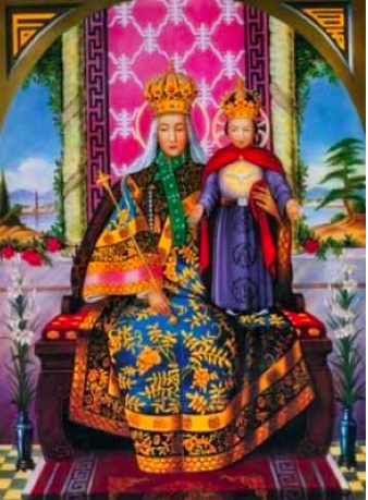 The method employed much of the time at T’ou Se We to inculcate students with mastering technique was simply to copy. The painting above is known as the “Dong Lu Our Lady of China” and is said to have been used as one of the most used paintings for students to copy. The painting is particularly special since the setting and the robes are based on an official painting of Empress Dowager Cixi herself. The concept of an “Our Lady of China” is an incongruous one. When the Boxer Rebellion finally came to an end, the pastor of Dong Lu, an impoverished missionary settlement near Beijing, managed to “secure” a portrait of the Empress Dowager. He then commissioned an artist to use the actual painting, retaining the background and the Imperial robes. The resulting picture was hung above the altar at Dong Lu. The painting was then adopted as the official image by the Shanghai Synod of Bishops and the church, altar and painting became a shrine. Pope Pius XI approved the shrine as an official Marian shrine. The painting became known as “Our Lady Queen of China”.
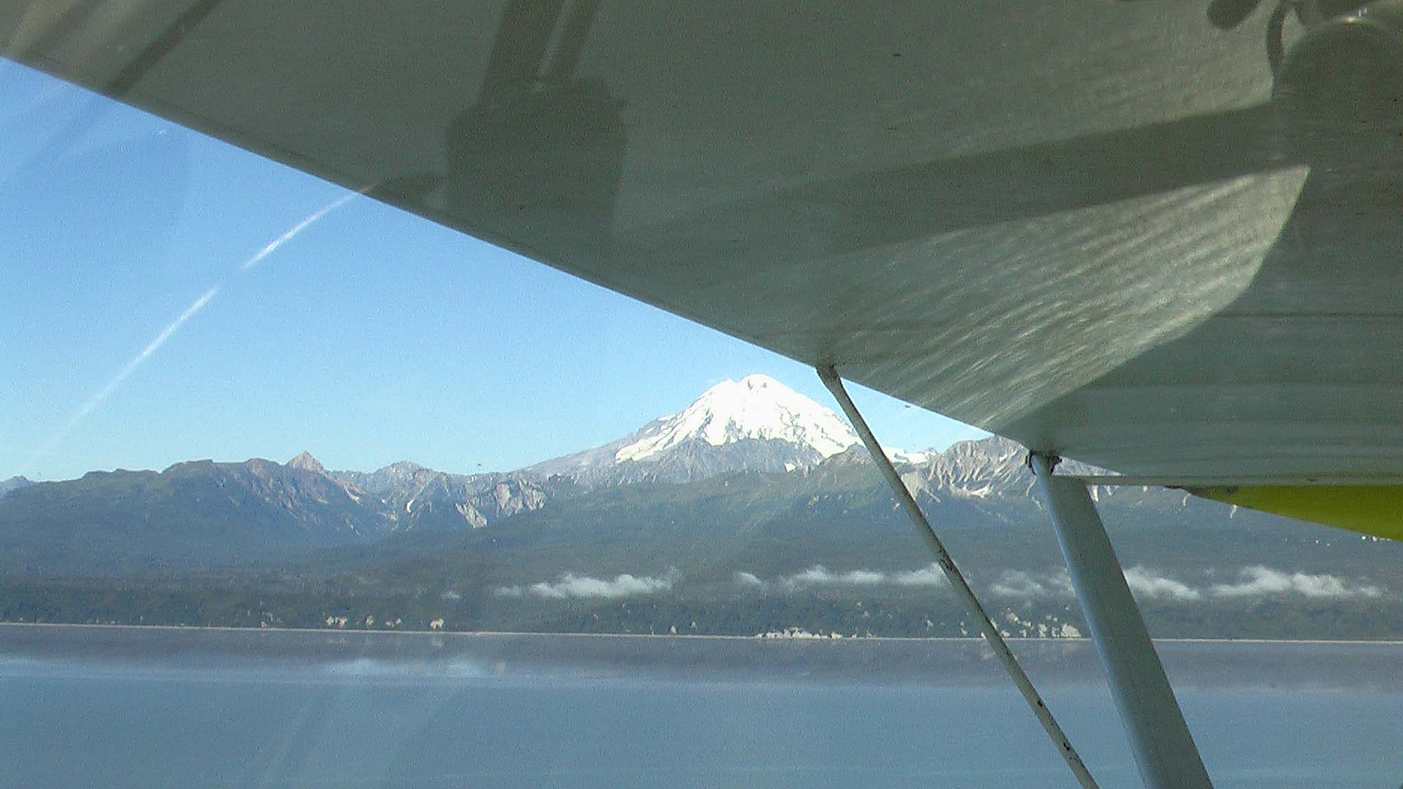 Attached are a few pics of a flight around Cook Inlet and Tuxidney Bay as well as one of us tied up at John Stoners dock. As you can see he has the original skystar rigging and placement. We are trying to talk him into moving the floats so he can get off the water at gross weight.
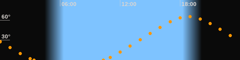 Höchster Stand (Kulmination)18:50 Uhr (h = 65.2°)
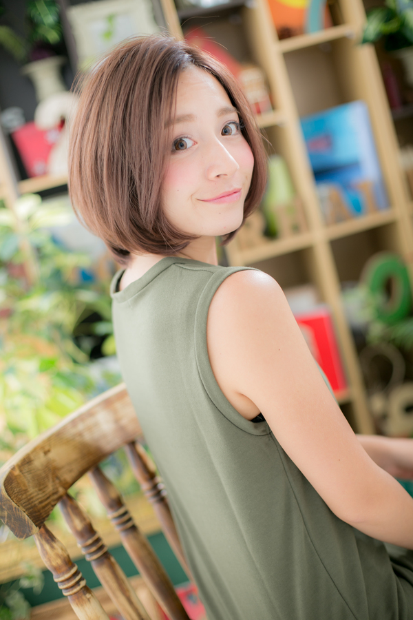 フェイスラインをカバーして小顔も狙えるナチュラルなシンプルボブ。少しピンクかかったナチュラルカラーでアクセントを♪飽きのこない人気スタイルです。
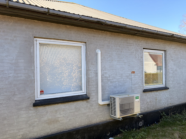 Ejendommens primære varmekilder er en varmepumpe i stue og elradiatorer. Herudover er der brændeovn i stuen. Varmepumpen ses ikke registrering i BBR-registret.
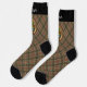 Clan Fraser Wappen Abzeichen umgeben von einem Gurt und Schnalle über verwitterten Jagdtartan Hintergrund. Benutzerdefinierte Farbe des oberen Streifens. Benutzerdefinierter Text auf jeder Socke.
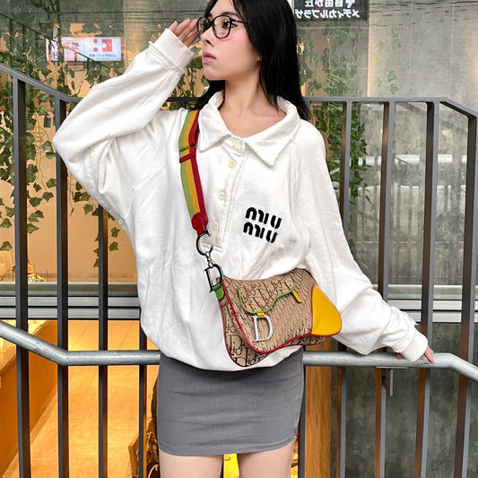 RARE☆☆☆☆☆CHRISTIAN DIOR 2004 Preloved Rasta Line Trotter Saddle Shoulder Bag Brown & Multicolor
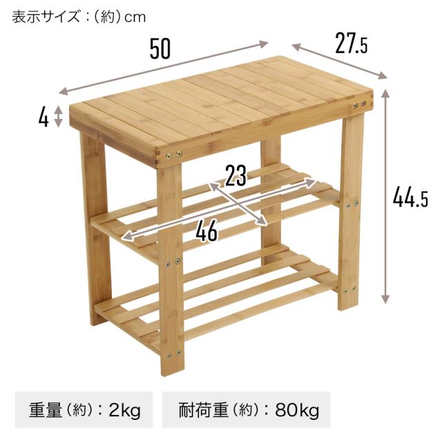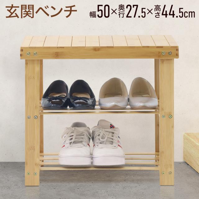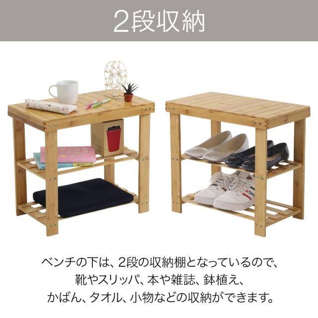 木製シューズラック 玄関ベンチ 2段 靴棚 エントランスベンチ 玄関小物 靴収納 椅子 フットスツール ナチュラル
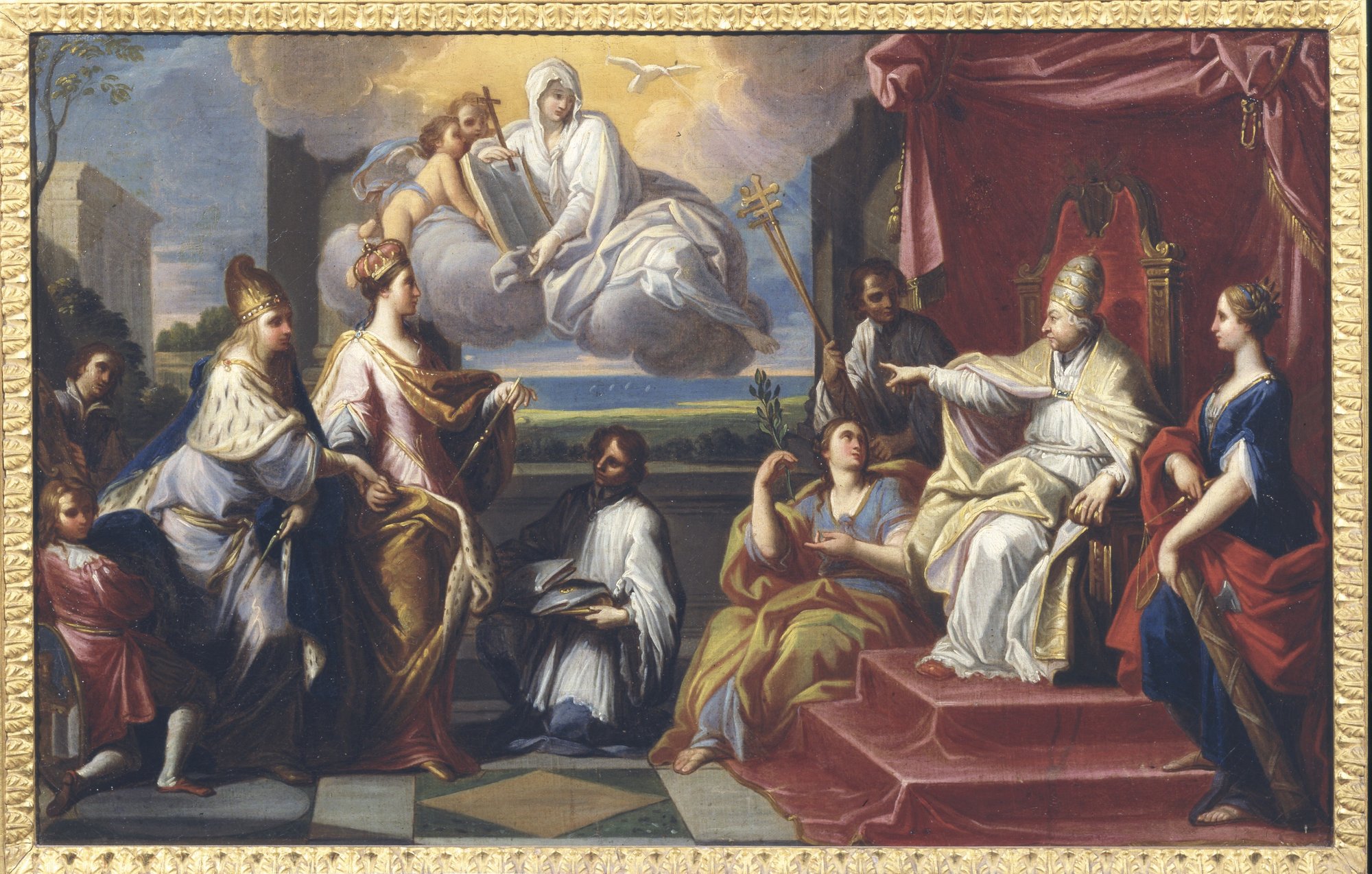 Nel “telero” di Nicolò Bambini al centro della composizione è posta la Sapienza, ritratta come una classica Minerva, con il libro delle profezie chiuso dai sette sigilli, sormontato dall’Agnello pasquale nella mano sinistra e li scudo illuminato dalla Colomba dello Spirito Santo nella destra. Il cimiero che le copre il capo è sormontato da un gallo, emblema della Ragione.
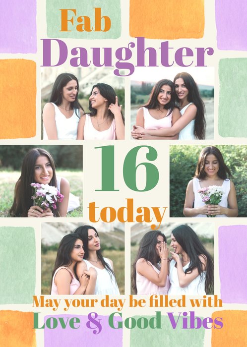 "Fab daughter today 16 today may your day be filled with love & good vibes". 'Daughter' and '16' can be personalised!
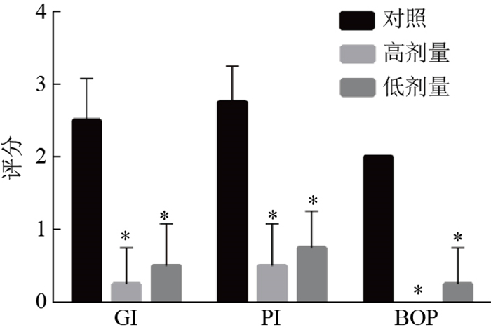 GI、PI和BOP的基线均为3, 经过不同剂量IgY给药4周后, 各组GI、PI和BOP均有所下降(见图 2), 但治疗组显著低于对照组(
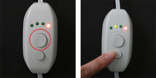 調光も可能 PUSHボタンを長押しすると、5〜20秒ほどで徐々に光が弱くなります。お好きな光量のところで手を放してください。 |
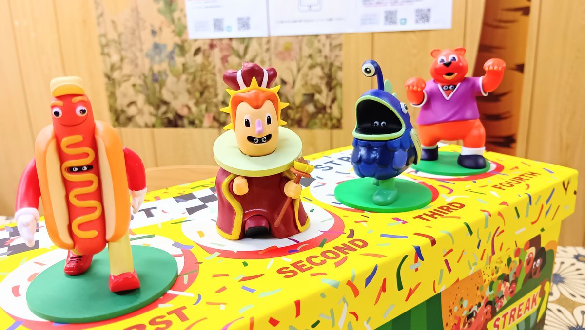 新たに、 『HOT STREAK / ホットストリーク』 で遊べるようになりました✨ ドデカくて、珍妙なマスコットが目を引きます🐻🌭👸🐟️💕 ゲームの中身はド珍 (ドッタバッタ珍道中) なレースゲームです😂🏁✨ #大阪 #門真市 #taiari今日の一枚 #京阪 古川橋駅 徒歩5分 #ボードゲーム #ボドゲ 会
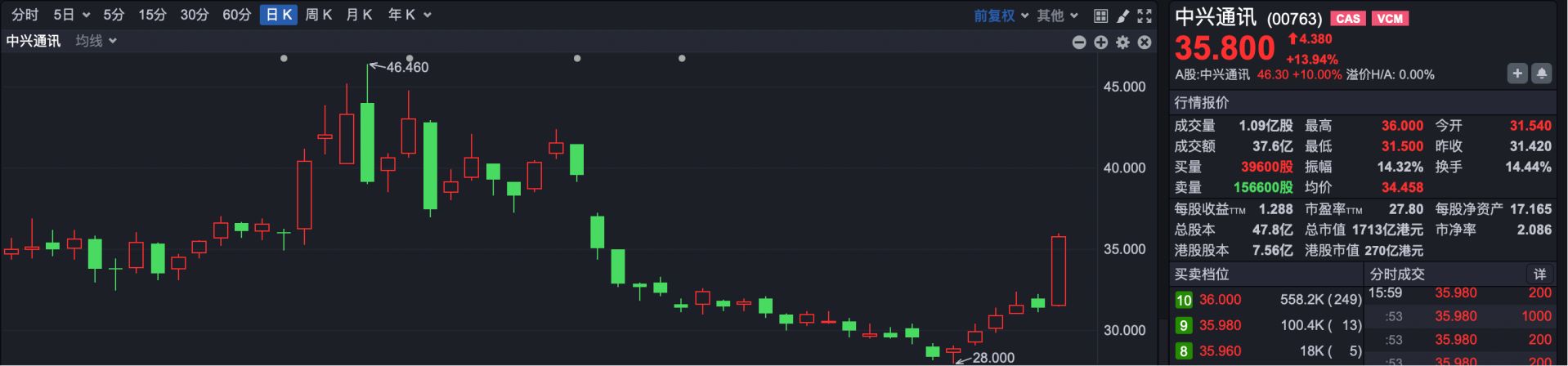 焦点公司方面,中兴通讯H股(HK00763)涨超13%,同时中兴通讯A股迎来10%涨停板。
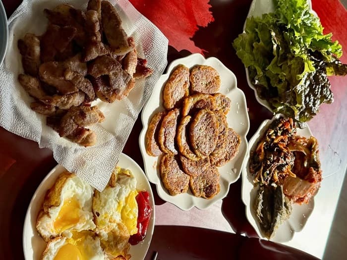 この日のごはんは パクヘジュンさん作(ボゴミが右下の写真に 白い「♡」絵文字を入れてるの見てください)
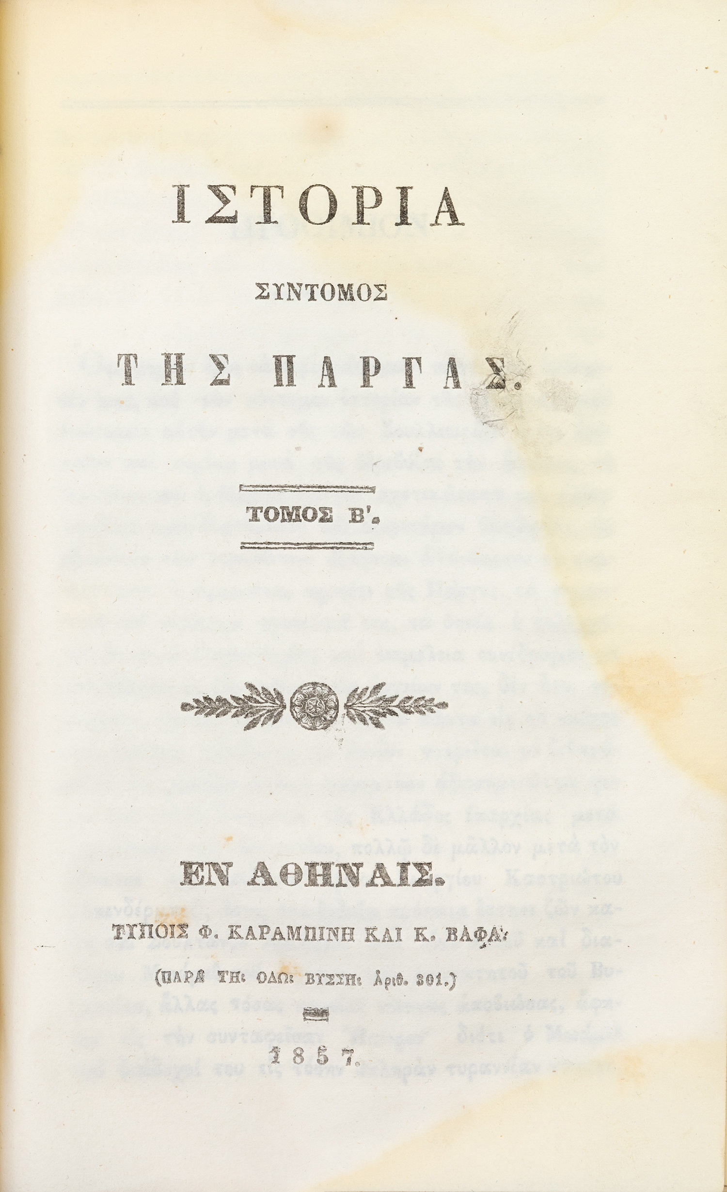Ἱστορία τοῦ Σουλλίου καί Πάργας, περιέχουσα τήν χρονολογίαν αὐτῶν, τάς πρός τούς Ὀθωμανούς μάχας, κυρίως δέ τάς πρός τόν Ἀλῆ Πασᾶ Σατράπην τῆς Ἠπείρου [– Ἱστορία σύντομος τῆς Πάργας], τόμος Α´[-Β´].
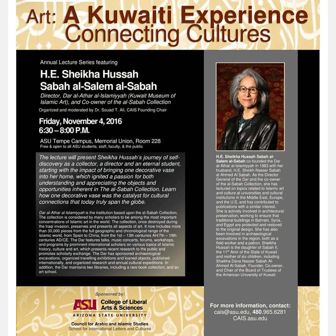 Sheikha Hussah Sabah al-Salem al-Sabah, Director-General of Dar al-Athar al-Islamiyyah, will start this week a trip to USA. She will be giving a talk on ( Art: Kuwaiti Experience in connecting Cultures ) at Arizona State University organised by the Council for Arabic and Islamic Studies. NYC is Sheikha Hussah’s next stop to attend the quarterly meeting of The Met Board of Trustees, where she’s been a member since 2010.
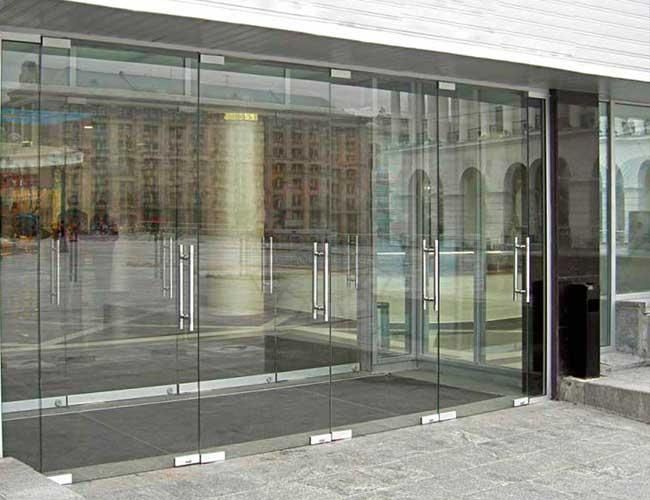 Противопожарная безрамная дверь со стеклом в торговый центр в Люберцах
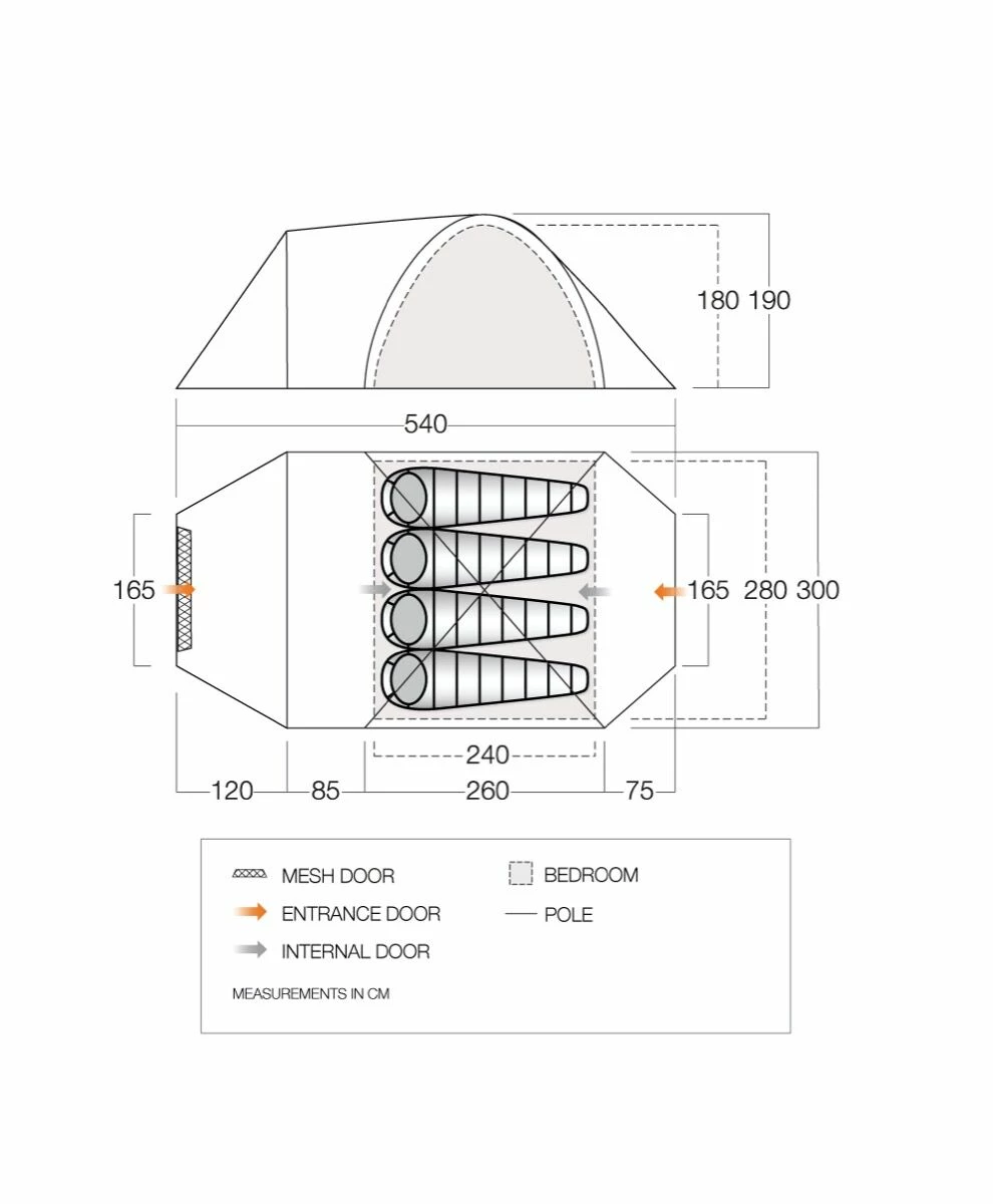 - Mokala 450 Protex 70 Denier Polyester Flysheet 3000mm HH – Highly waterproof, durable and reliable fabric, exclusive to Vango.

* **Exercise description**
Omit the pictures; print the records above exactly.

* **Exercise answer**
 The method employed much of the time at T’ou Se We to inculcate students with mastering technique was simply to copy. The painting above is known as the “Dong Lu Our Lady of China” and is said to have been used as one of the most used paintings for students to copy. The painting is particularly special since the setting and the robes are based on an official painting of Empress Dowager Cixi herself. The concept of an “Our Lady of China” is an incongruous one. When the Boxer Rebellion finally came to an end, the pastor of Dong Lu, an impoverished missionary settlement near Beijing, managed to “secure” a portrait of the Empress Dowager. He then commissioned an artist to use the actual painting, retaining the background and the Imperial robes. The resulting picture was hung above the altar at Dong Lu. The painting was then adopted as the official image by the Shanghai Synod of Bishops and the church, altar and painting became a shrine. Pope Pius XI approved the shrine as an official Marian shrine. The painting became known as “Our Lady Queen of China”.
 Attached are a few pics of a flight around Cook Inlet and Tuxidney Bay as well as one of us tied up at John Stoners dock. As you can see he has the original skystar rigging and placement. We are trying to talk him into moving the floats so he can get off the water at gross weight.
 Höchster Stand (Kulmination)18:50 Uhr (h = 65.2°)
 フェイスラインをカバーして小顔も狙えるナチュラルなシンプルボブ。少しピンクかかったナチュラルカラーでアクセントを♪飽きのこない人気スタイルです。
 Ejendommens primære varmekilder er en varmepumpe i stue og elradiatorer. Herudover er der brændeovn i stuen. Varmepumpen ses ikke registrering i BBR-registret.
 Clan Fraser Wappen Abzeichen umgeben von einem Gurt und Schnalle über verwitterten Jagdtartan Hintergrund. Benutzerdefinierte Farbe des oberen Streifens. Benutzerdefinierter Text auf jeder Socke.
 RARE☆☆☆☆☆CHRISTIAN DIOR 2004 Preloved Rasta Line Trotter Saddle Shoulder Bag Brown & Multicolor
 木製シューズラック 玄関ベンチ 2段 靴棚 エントランスベンチ 玄関小物 靴収納 椅子 フットスツール ナチュラル
 Nel “telero” di Nicolò Bambini al centro della composizione è posta la Sapienza, ritratta come una classica Minerva, con il libro delle profezie chiuso dai sette sigilli, sormontato dall’Agnello pasquale nella mano sinistra e li scudo illuminato dalla Colomba dello Spirito Santo nella destra. Il cimiero che le copre il capo è sormontato da un gallo, emblema della Ragione.
 "Fab daughter today 16 today may your day be filled with love & good vibes". 'Daughter' and '16' can be personalised!
 GI、PI和BOP的基线均为3, 经过不同剂量IgY给药4周后, 各组GI、PI和BOP均有所下降(见图 2), 但治疗组显著低于对照组(
 調光も可能 PUSHボタンを長押しすると、5〜20秒ほどで徐々に光が弱くなります。お好きな光量のところで手を放してください。 |
 新たに、 『HOT STREAK / ホットストリーク』 で遊べるようになりました✨ ドデカくて、珍妙なマスコットが目を引きます🐻🌭👸🐟️💕 ゲームの中身はド珍 (ドッタバッタ珍道中) なレースゲームです😂🏁✨ #大阪 #門真市 #taiari今日の一枚 #京阪 古川橋駅 徒歩5分 #ボードゲーム #ボドゲ 会
 焦点公司方面,中兴通讯H股(HK00763)涨超13%,同时中兴通讯A股迎来10%涨停板。
 この日のごはんは パクヘジュンさん作(ボゴミが右下の写真に 白い「♡」絵文字を入れてるの見てください)
Ἱστορία τοῦ Σουλλίου καί Πάργας, περιέχουσα τήν χρονολογίαν αὐτῶν, τάς πρός τούς Ὀθωμανούς μάχας, κυρίως δέ τάς πρός τόν Ἀλῆ Πασᾶ Σατράπην τῆς Ἠπείρου [– Ἱστορία σύντομος τῆς Πάργας], τόμος Α´[-Β´].
 Sheikha Hussah Sabah al-Salem al-Sabah, Director-General of Dar al-Athar al-Islamiyyah, will start this week a trip to USA. She will be giving a talk on ( Art: Kuwaiti Experience in connecting Cultures ) at Arizona State University organised by the Council for Arabic and Islamic Studies. NYC is Sheikha Hussah’s next stop to attend the quarterly meeting of The Met Board of Trustees, where she’s been a member since 2010.
 Противопожарная безрамная дверь со стеклом в торговый центр в Люберцах
 - Mokala 450 Protex 70 Denier Polyester Flysheet 3000mm HH – Highly waterproof, durable and reliable fabric, exclusive to Vango.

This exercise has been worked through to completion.